Il primo turno delle presidenziali in Romania è stato segnato dalle polemiche sul voto all'estero, che hanno portato alle dimissioni del ministro degli Esteri. Un approfondimento sulla situazione in Italia

11/11/2014 -  Daniela Mogavero

Il ballottaggio per le presidenziali romene si gioca anche all’estero. Di certo potrebbero non essere le centinaia di migliaia di voti dei romeni della diaspora a modificare i risultati delle elezioni per il nuovo inquilino di Palazzo Cotroceni, ma il peso e lo scontro politico che lo scandalo dei seggi all’estero ha causato nel primo turno sono tutt’altro che sopiti. La vecchia volpe Traian Băsescu, che aveva già chiesto le dimissioni del ministro degli Esteri Titus Corlățean, all’indomani delle proteste del 2 novembre è alla fine riuscito nel suo intento. Il ministro ha rimesso il mandato e il premier Victor Ponta, candidato favorito al ballottaggio si è trovato a fare i conti con le proteste per il diritto di voto della diaspora “leso” al primo turno, ma ha chiarito che si tratterebbe di una pesante macchinazione da parte di Iohannis e Băsescu per dichiarare nullo il voto.

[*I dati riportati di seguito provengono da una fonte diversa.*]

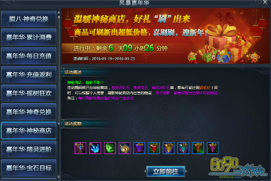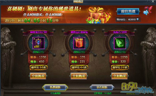 活动期间将开放神秘商店,各类进阶石,各类宝石,神印进阶石等,都有可能出现超低价,各种超低折扣不容错过!同时,可以根据个人需要,刷新神秘商店内出售的物品,每次刷新,都有可能会出现不同的物品!

La protesta per il voto negato si è estesa a macchia d’olio, facendo un viaggio a ritroso: gli echi delle manifestazioni e degli scontri a Londra, Parigi e Stoccarda, hanno raggiunto amplificati anche l’Italia, dove vive più di un milione di romeni, fino a raggiungere la natìa Romania dove migliaia di persone si sono riunite in piazza a Cluj Napoca, a Bucarest, Timisoara, Oradea, Iasi e Costanza per esprimere solidarietà ai romeni all’estero che non sono riusciti a votare per il primo turno.

I tagli di sezioni in Italia

E se a Londra e Parigi hanno fatto molto rumore le proteste del momento della chiusura dei seggi, quando migliaia di cittadini sono rimasti fuori dalle sezioni senza aver votato, in Italia a fare notizia sono i numeri del diritto negato: nel Paese con la più grande comunità di romeni all’estero il ministero degli Esteri di Romania invece di incrementare i seggi per le presidenziali ha bocciato le richieste di ulteriori sezioni, tagliando anche alcune autorizzate per le votazioni del 2009. Il calcolo è facile e salta subito agli occhi il motivo della protesta della diaspora: dei 66 seggi chiesti ne sono stati autorizzati soltanto 51 (5 in meno del 2009) e la situazione più drammatica è quella del Lazio.

Il ministro Corlățean nonostante le pressanti richieste della comunità romena e il nulla osta dell’Ufficio elettorale centrale (Bec) per la creazione di nuovi seggi ha deciso di mantenere la sua posizione e piuttosto di rimettere il mandato: "Abbiamo avviato come ministero un processo di valutazione sull'apertura di nuovi seggi all'estero. La conclusione di questo esame è che non esiste alcuna base giuridica per istituire nuove sezioni. Come ministro ho l'obbligo di difendere la legge - ha aggiunto Corlățean - e mi auguro che anche lo stesso ministero non infranga la legge per questioni politiche, pertanto mi dimetto".

Tornando ai numeri dello scandalo in Italia, per la regione Lazio erano stati chiesti 22 seggi e il ministero degli Esteri ne ha autorizzati soltanto 13, sei in meno anche della passata tornata elettorale di cinque anni fa. E' stata bocciata un'ulteriore sezione a Roma e quelle di Albano, Guidonia, Sezze, Viterbo, tra le altre. Sezioni che avrebbero accolto una grande fetta di cittadini romeni se si considera che a Latina (senza seggio) vivono 6.000 romeni e a Viterbo (seggio non autorizzato) insiste una comunità di 16.000 cittadini. Altra situazione di disagio in Piemonte dove su 15 seggi richiesti il Mae ha autorizzato soltanto 10 sezioni, due in meno del 2009.

Cosa avverrà?

Il governo romeno nel frattempo sta cercando di correre ai ripari: Ponta ha sottolineato che i cittadini romeni all’estero non hanno potuto votare perché sono necessari “adempimenti molto lunghi” per esprimere la propria preferenza e che le procedure adottate dal ministero e dal Bec per ridurre i tempi di attesa, il modulo “anti-frode” da precompilare, saranno sostenute dall’esecutivo per “evitare che la situazione si ripeta al ballottaggio”.

Il ministero degli Esteri ha informato l’Ufficio elettorale centrale di aver messo a disposizione “800 persone per le missioni diplomatiche e consolari per completare il personale dei seggi all’estero”. Ma nessun cenno alla possibilità di aprire nuove sezioni.